Dan Campbell's toughness reflects Parcells pedigree
Everything seemed routine for the Cowboys tight ends clustered together on a five-hour flight from Dallas to training camp in Oxnard, California, in 2005. A young Sean Ryan and Jason Witten were headed to what would be another brutal Bill Parcells summer with their long-haired, camouflage-coated sensei, Dan Campbell.
But after they checked in and put their bags down, Campbell wasn't at their first tight ends meeting. They looked around and wondered what might keep one of the NFL's most hardcore veterans -- and now the Miami Dolphins' interim head coach -- away from the thing he loved most.
"Guys," position coach Paul Pasqualoni said, "Dan's in the emergency room right now."
On that quiet flight out of Texas, Campbell's appendix exploded, an extremely painful and potentially life-threatening kick to the gut that would cause most men to double over onto the beverage cart. Campbell didn't make a sound. No one had a clue. He returned to practice in about a week and won the Ed Block Courage award that season.

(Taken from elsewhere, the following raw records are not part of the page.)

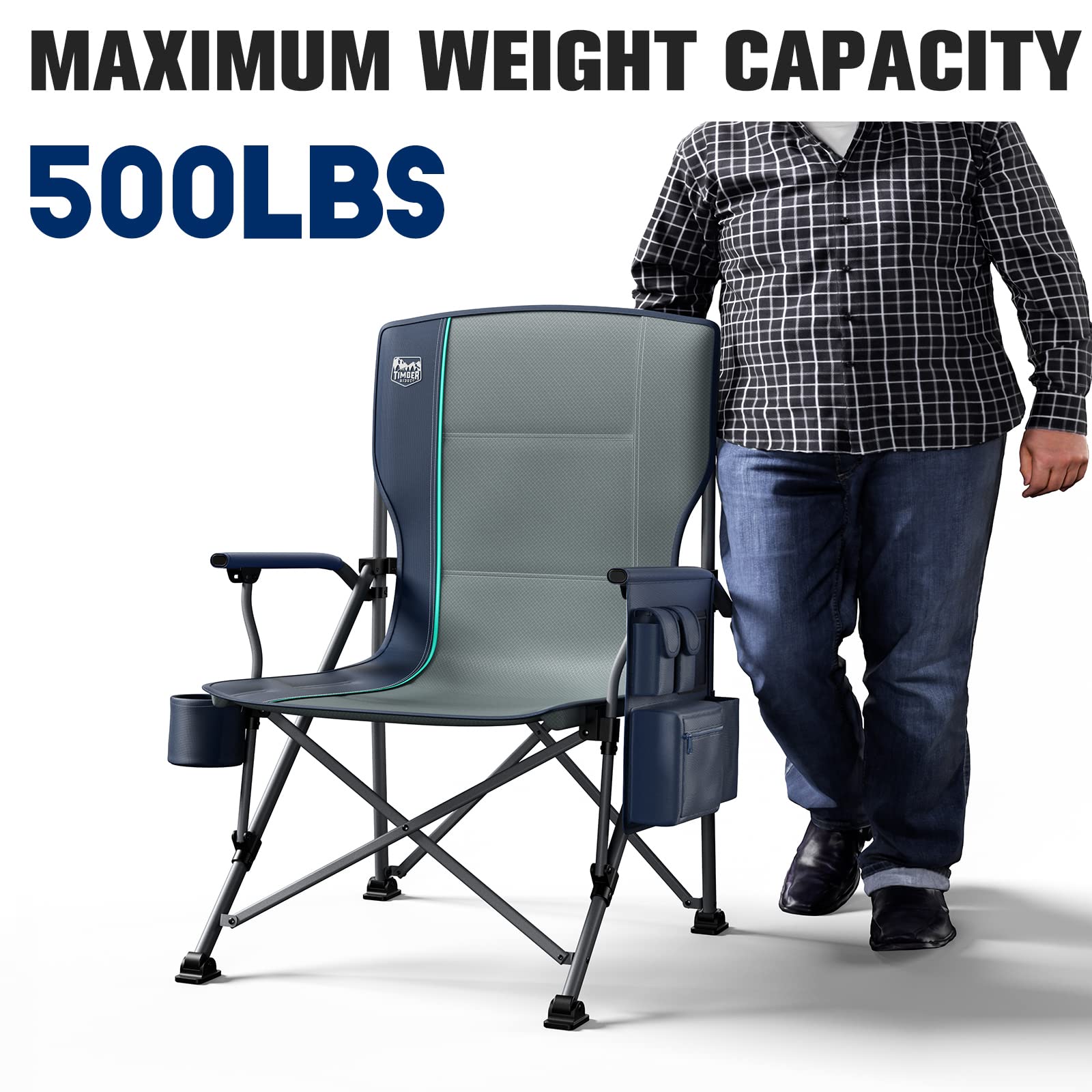 TIMBER RIDGE Oversized Folding Camping Chair High Back Heavy Duty for Adults Support up to 500lbs with Cup Holder, Side Pocket Cooler Bag
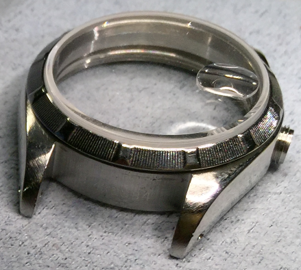 - уберите механизм из корпуса и крышку тоже, установите корпус на плоскую оправку кристаллом вверх, накройте безель и кристалл мягкой тканью, и осторожно прижмите безель сферической оправкой, которая по диаметру больше чем кристалл, чтобы она ложилась по окружности безеля, и ни в коем случае не прикасалась к кристаллу и увеличительному стеклу
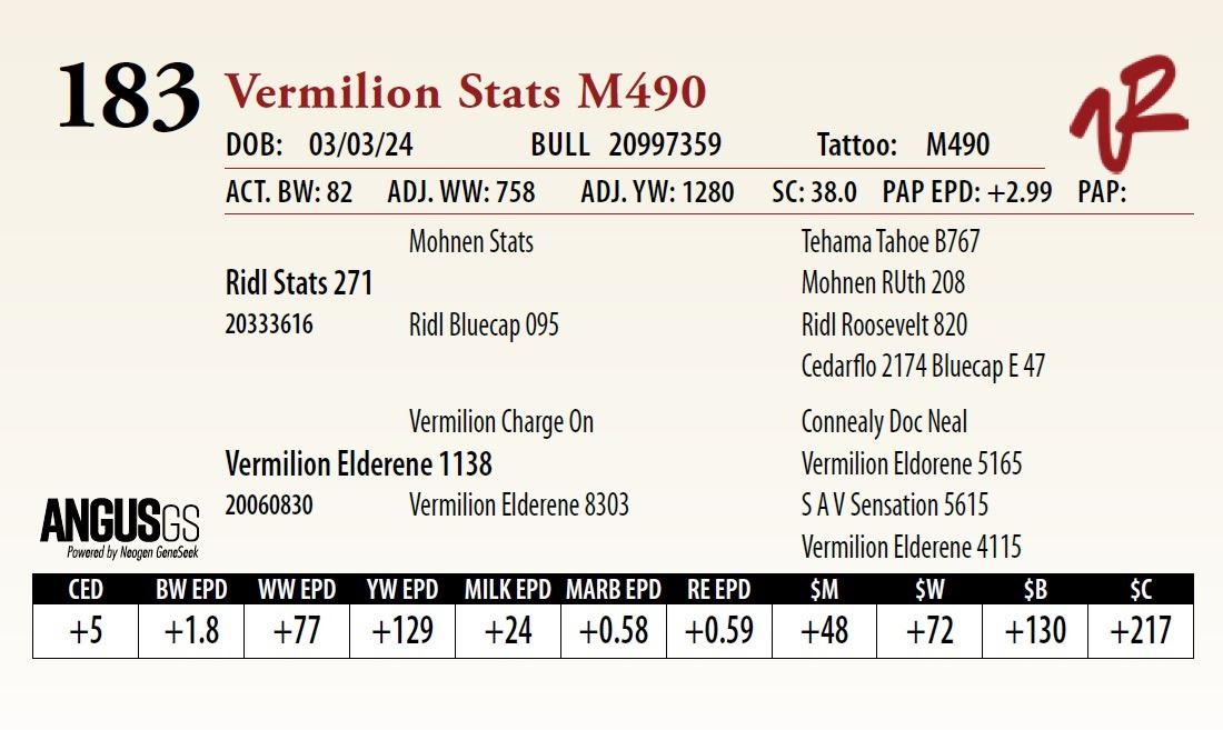 All bulls will be covered 50% by Vermilion Ranch if they are injured during their first breeding season. Breeding season is defined as the 60-day period following the first turnout of bulls.
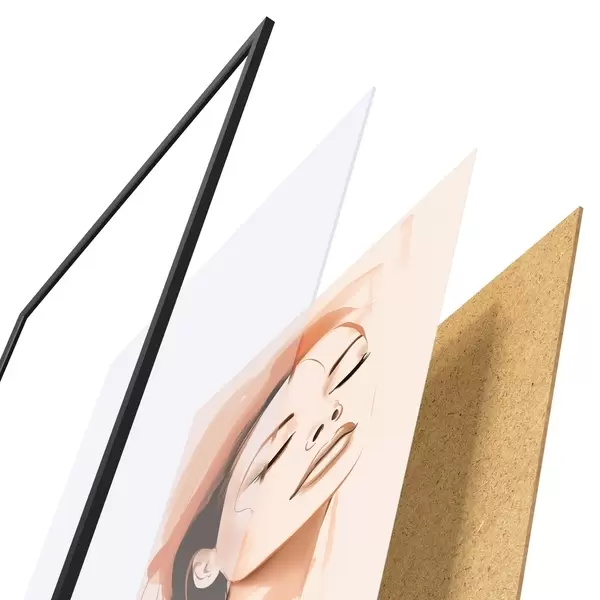 El póster consta de marco, plexiglás, imagen impresa y soporte de aglomerado. El póster puede colgarse inmediatamente en la pared gracias a los soportes de la parte posterior.

That was the Dan Campbell everyone knew.
"It was to the point where they were trying to hold him off the field so the stitches would heal," Ryan told Around The NFL this week. "He was just itching to get back on the practice field. He's just a testament to the old-time tough guys."
During his first news conference as an interim head coach last week, Campbell promised a tougher Miami Dolphins team after the bye week. In just a five-day span, he reshuffled the offensive staff, fired the defensive coordinator and took his first full-padded practice as an opportunity to run the Oklahoma Drill and ram his players together for the heck of it -- a far cry from the cozier confines of most collective bargaining agreement-era practices."
The best teams I've been a part of -- during the week they go after each other," Campbell said. "It's heated, it's intense. You can't just turn it on on Sunday.
"I don't care if it's Ndamukong Suh, Koa Misi, Jarvis Landry -- they have to be pushed, they have to be worked, they have to be challenged. That's the first thing I'm going to change. I want them all to compete."